Ghana tamed inflation, rebuilt its reserves, halved its debt ratio, and delivered the continent’s best-performing currency in 2025. So why is the cedi collapsing in 2026, and what does it tell us about the limits of macroeconomic success stories?
The numbers should be making Accra’s policymakers glow with pride. Inflation: dropped from 21.2% to 3.4% in twelve months, one of the sharpest disinflation episodes in the world. Public debt: down from 53.7% to 42.2% of GDP. Gross international reserves: up $3.1 billion to $13.9 billion, covering 5.5 months of imports. The Ghana Stock Exchange All-Share Index: up a staggering 72.5% year-to-date. The monetary policy rate: halved from 28% to 14%. Any emerging market economist who handed these figures without a country label would call it a textbook recovery.
Week by week, the London Stock Exchange Group’s (LSEG) data, published in Reuters’ authoritative African currency dispatches, tells a different story. On 15 January 2026, LSEG recorded the cedi at 10.80 to the dollar. By 9 April it was 11.00. By 30 April, 11.19. By 14 May, 11.34. By late May, 11.61. A year-to-date decline of 10.28%, the worst performance of any currency in West Africa, placing it in the company of the Libyan dinar as one of the continent’s weakest currencies of 2026. The same currency that the IMF celebrated as Africa’s best performer for the entirety of 2025.
Every Reuters dispatch pinpoints the same culprit: persistent corporate foreign-currency demand, particularly from the energy sector. This is not an abstraction. Ghana is import-dependent for fuel and energy equipment. With Brent crude surging 55.7%, from $66.3 to $103.2 per barrel, the dollar bills landing on Ghanaian energy importers’ desks have grown by more than half. Simultaneously, cocoa, Ghana’s most important export earner and thus its most important source of dollar inflow, has collapsed 60.7% in global price, from $8,534 per tonne to $3,350. The FX market is being squeezed from both ends.

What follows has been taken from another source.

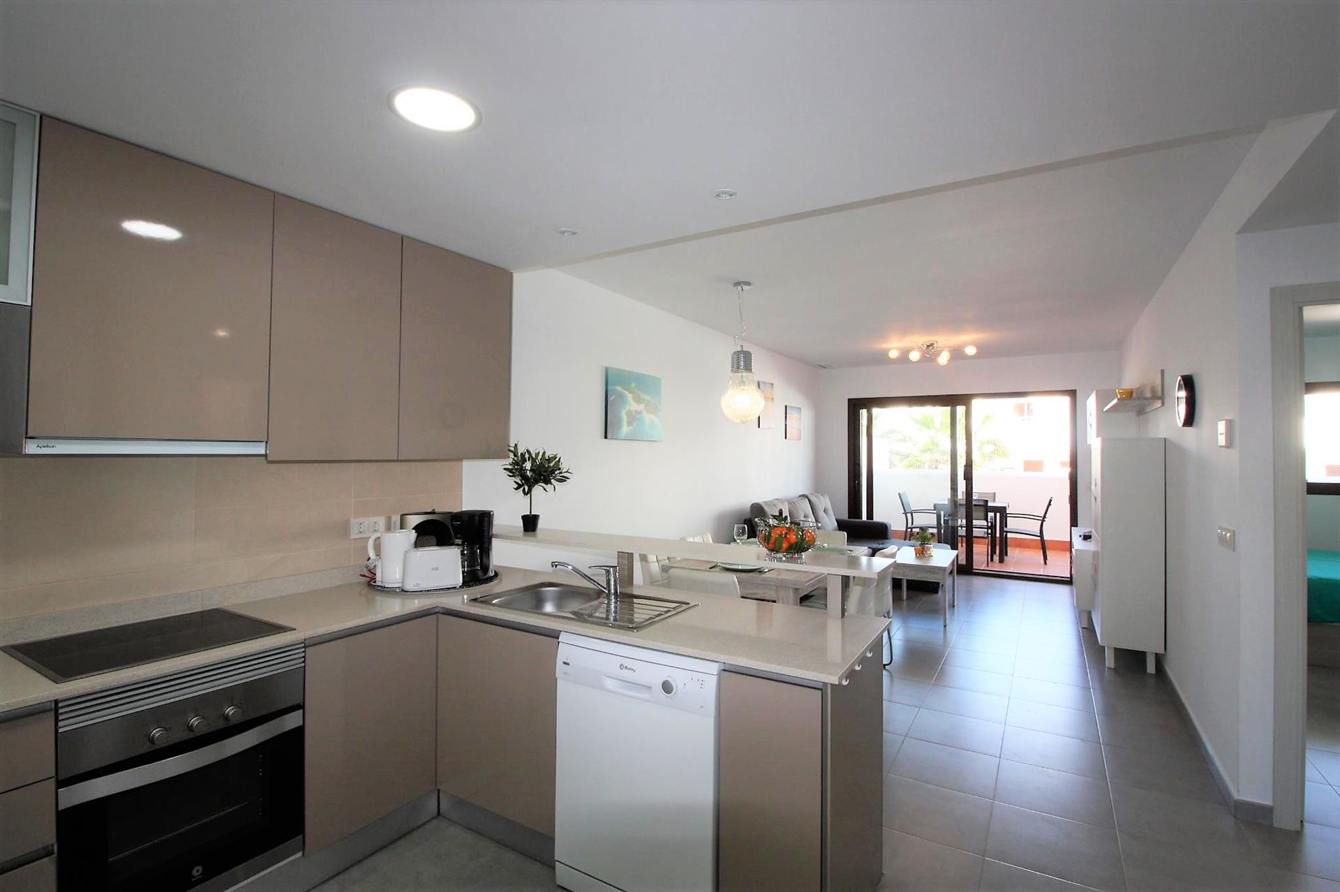 - open keuken met elektrische kookplaat, elektrische oven, magnetron, vaatwasser, koelkast-vriescombinatie, koffiezetapparaat, mixer, broodrooster en sapcentrifuge

The Bank of Ghana holds regular FX auctions to supply the market, but the scale of demand is overwhelming them. On a single Tuesday in January 2026, bids totalling $424 million arrived against a $125 million allocation, a 3.4-times oversubscription. “The backlog of demand is likely to weigh on the local unit in coming sessions,” Andrews Akoto, Head of Trading at Absa Bank Ghana, told Reuters. The same sentence, in various forms, appears in nearly every Reuters/LSEG weekly dispatch from January through May.

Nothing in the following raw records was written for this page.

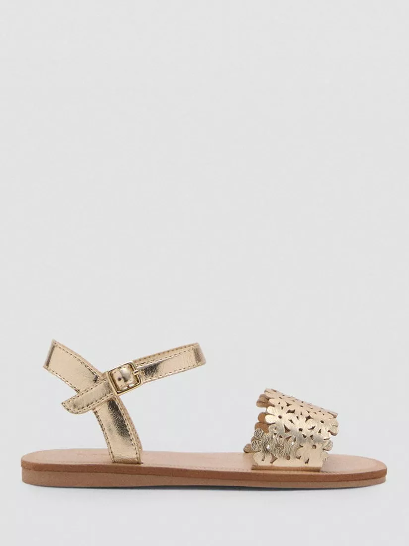 MangoKids' Metallic Flower Sandals, Gold
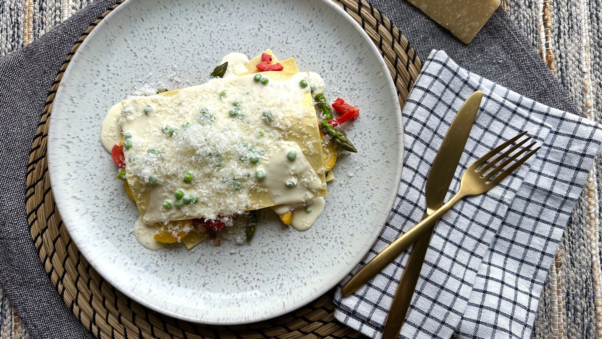 - On a large dinner plate, add 1 lasagna sheet to the base of the plate then add half vegetable mixture onto lasagna sheet, spreading evenly, top with 1 more lasagna sheet and then add remaining vegetable mixture onto the second lasagna sheet and finally add the 3rd lasagna sheet on top.
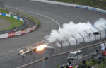 写真右は大分遠いですが何度も爆音をとどろかせてジワジワスタートラインに寄り、ドゴーンと走っていきましたよ。こんな車(?)を400mをいかに速く走るかと言うためだけに作ってます。

Here lies the counterintuitive trap. The very success of Ghana’s stabilization programme, lower inflation, lower interest rates, stronger growth, expanding credit, has driven up demand for imports and inputs. Private sector credit is growing at 28.7% year-on-year, funding the commercial activity that requires dollars. Lower T-bill rates (4.9%, down from 15.5%) reduce the carry incentive for investors to hold cedis rather than dollars. And the cedi’s own spectacular 40% appreciation in 2025 attracted speculative inflows that are now reversing, with traders selling cedis to take profits.
There is also an uncomfortable gap between the official LSEG-measured interbank rate and the informal forex market, where, as Reuters reported, traders are paying “far above d the informal forex market, where, as Reuters reported, traders are paying “far above official rates.” That wedge is where ordinary Ghanaians and small businesses live, paying the real price of a currency whose weakness the headline statistics understate.
The cedi’s 2026 slide is not evidence that Ghana’s recovery is a mirage. The macro gains are real. But they are gains on the wrong side of the equation. Reducing inflation does not generate dollars. Cutting the debt ratio does not replace cocoa export earnings. Raising the capital adequacy ratio of banks does not plug in an energy sector that burns through foreign exchange every single week.
What Ghana needs ,and what its indicators do not yet show ,is structural FX generation: domestic energy production that reduces import dependence, cocoa value-addition that earns more per tonne exported, capital markets deep enough to attract and retain institutional foreign investment, and a reserve base deployed with sufficient conviction to break the cycle of oversubscribed auctions and weekly depreciation predictions.
Until then, the paradox will persist: a country that has done almost everything right on paper, watching its currency fall week after week in the data feeds of the London Stock Exchange Group, and wondering why the market has not yet noticed.